Here in Canada, the situation is different. Steven Penney is a professor in the Faculty of Law at the University of Alberta. He specializes in criminal procedure, evidence, and law and technology.
"Under section 8 of the Charter of Rights and Freedoms, which protects all of our rights against unreasonable search and seizure, the collection of metadata in the telecommunications field...has been considered by our courts to attract the protection of section 8," he explains.
"It engages what we call a 'reasonable expectation of privacy', and up until this Carpenter case, the U.S. Supreme Court has held that in similar situations in the U.S., that information is not protected," Steven says. Section 8 is roughly equivalent to the Fourth Amendment in the U.S.
There have been cases in Canada where this issue has come up. "Some of those cases stand for the proposition that this information is protected," Steven explains. "In order to obtain it, the police have to engage in a reasonable search, and that will in almost all circumstances require them to get some kind of warrant or production order."

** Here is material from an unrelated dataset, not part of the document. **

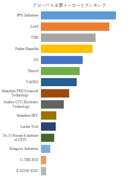 企業レベルでは、世界の主要プレイヤー――たとえば PPG Industries、Laird、TDK、Parker Hannifin、3M、Hexcel など――が市場のかなりのシェアを占めており、高い技術力とグローバルな供給・販売ネットワークを武器に競争優位を維持している。これら企業は、伝統的な吸収材だけでなく、軽量化・薄型化・広帯域化に適した複合材料や高機能ポリマー、環境配慮型素材などの新製品開発に注力しており、用途の多様化と市場拡大を同時に進めている。また、中国の Shenzhen HFC や Shenzhen FRD Science & Technology、その他新興企業もコスト競争力と地域特化によって市場参入を加速しており、世界市場は“グローバル大手 + 地域新興企業”という二極構造で、しかし用途と技術で多様化する競争環境にある。

It would have involved the revealing and disclosure of metadata of thousands and thousands of potential customers.- Steven Penney
Steven cites one decision by the Ontario Superior Court where a police service requested a large metadata dump from Telus' and Rogers' cell towers. "The judge in that case found that the request was grossly overbroad," Steven says.
"It would have involved the revealing and disclosure of metadata of thousands and thousands of potential customers, most of whom, obviously, would have had nothing to do with the investigation."
Steven thinks that sends a strong message. "Not only is this information protected by our Charter, but that any request to obtain a warrant is going to have to be narrowly tailored to avoid that kind of overbreadth," he argues.